Menindaklanjuti hal tersebut, Direktur Utama PLN, Darmawan Prasodjo, menegaskan kesiapan PLN dalam memberikan dukungan penuh terhadap pembangunan Huntara melalui penyediaan pasokan listrik yang aman, andal, dan berkelanjutan untuk seluruh unit hunian.
Petugas PLN melakukan penyambungan jaringan listrik di kawasan Rumah Hunian Danantara (Huntara) Aceh Tamiang. PLN telah menyiapkan infrastruktur kelistrikan di kawasan tersebut, seperti pembangunan trafo, jaringan listrik, dan kWh meter untuk masing-masing rumah yang telah terbangun.
"PLN siap melaksanakan arahan Pemerintah melalui Danantara Indonesia untuk memastikan kesiapan infrastruktur kelistrikan Huntara. Setiap unit hunian yang telah selesai dibangun, kami pastikan listriknya juga sudah tersedia dan dapat langsung menyala, sehingga masyarakat bisa segera menempati tempat tinggalnya dengan aman dan nyaman,” kata Darmawan.
Saat ini, PLN telah merampungkan berbagai infrastruktur kelistrikan di kawasan Huntara Aceh Tamiang, mulai dari pembangunan trafo distribusi, jaringan listrik, hingga pemasangan kWh meter di seluruh unit hunian yang telah dibangun.
Jaringan listrik tersebut telah tersambung sepenuhnya dan dinilai cukup untuk memenuhi kebutuhan listrik hunian maupun fasilitas umum di kawasan tersebut.
Para petugas PLN memasang kWh meter di masing-masing unit Rumah Hunian Danantara (Huntara) Aceh Tamiang. Saat ini, seluruh hunian yang telah terbangun sudah tersambung listrik.
Sebelumnya, Chief Operating Officer (COO) Danantara Indonesia, Dony Oskaria, bersama Direktur Utama PLN, Darmawan Prasodjo, turun langsung ke lapangan untuk mengawal progres pembangunan Huntara Aceh Tamiang beserta infrastruktur kelistrikannya.

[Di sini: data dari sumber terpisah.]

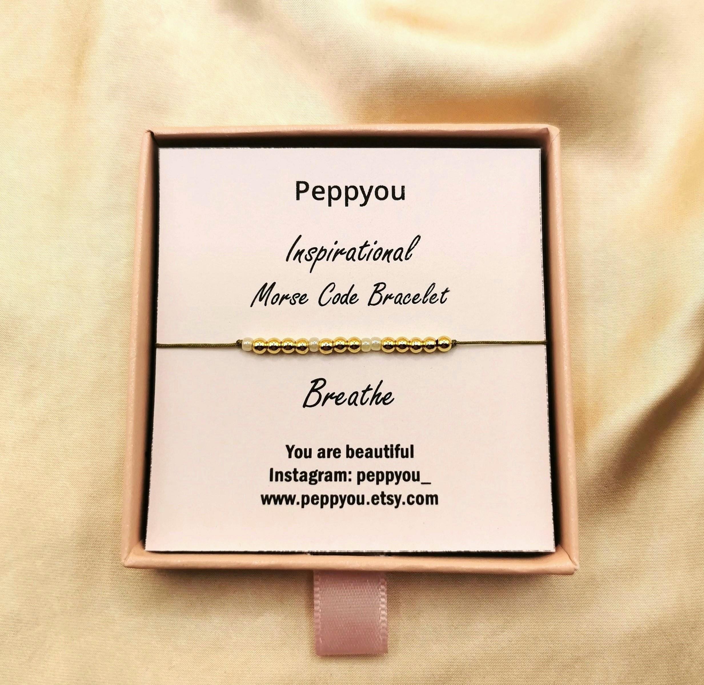 This morse code says 'breathe'. Customize your bracelet with bracelet cord colour, glass seed beads colour - this bracelet is uniquely yours only.

Darmawan menegaskan bahwa keberadaan listrik yang andal merupakan kebutuhan dasar yang tidak bisa ditawar dalam mendukung kehidupan masyarakat di hunian sementara.

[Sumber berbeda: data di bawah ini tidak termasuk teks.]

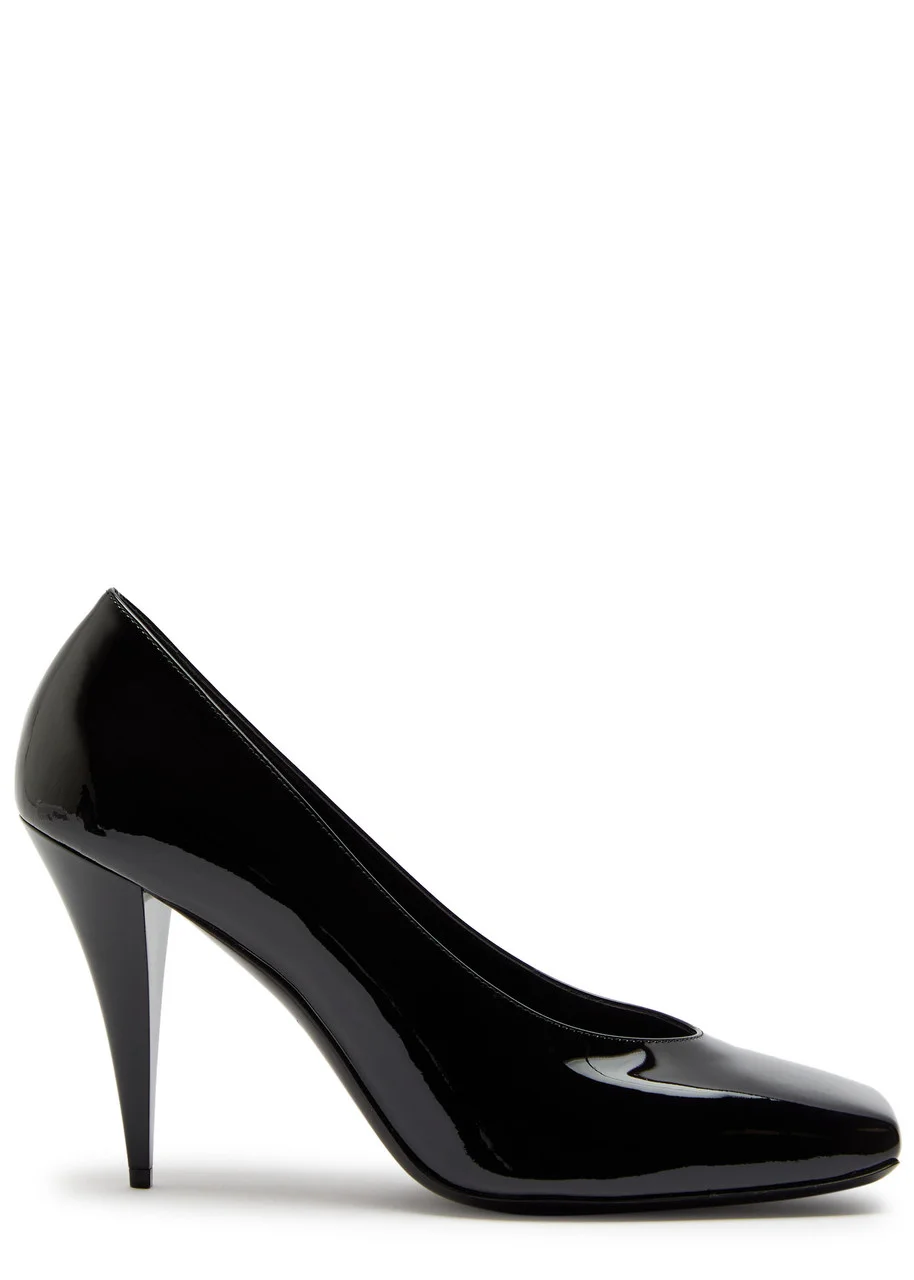 Info & Care Givenchy patent leather pumps Heel measures approximately 3.75 inches/ 95mm Square toe Slip-on Size & Fit Only available in full sizes, go up to the nearest whole size if you take a half size

“Kami memahami bahwa saudara-saudara kita yang terdampak banjir bandang dan longsor telah kehilangan banyak hal, bukan hanya rumah, namun juga rasa aman dan kenyamanan. Karena itu, PLN berupaya menghadirkan listrik yang prima di kawasan Huntara. Sehingga, masyarakat dapat segera tinggal, anak-anak bisa kembali belajar dengan nyaman, dan keluarga dapat menjalani aktivitas sehari-hari dengan lebih layak. Ini adalah komitmen kami untuk terus mendampingi masyarakat bangkit dari bencana,” pungkas Darmawan (Seremoadver).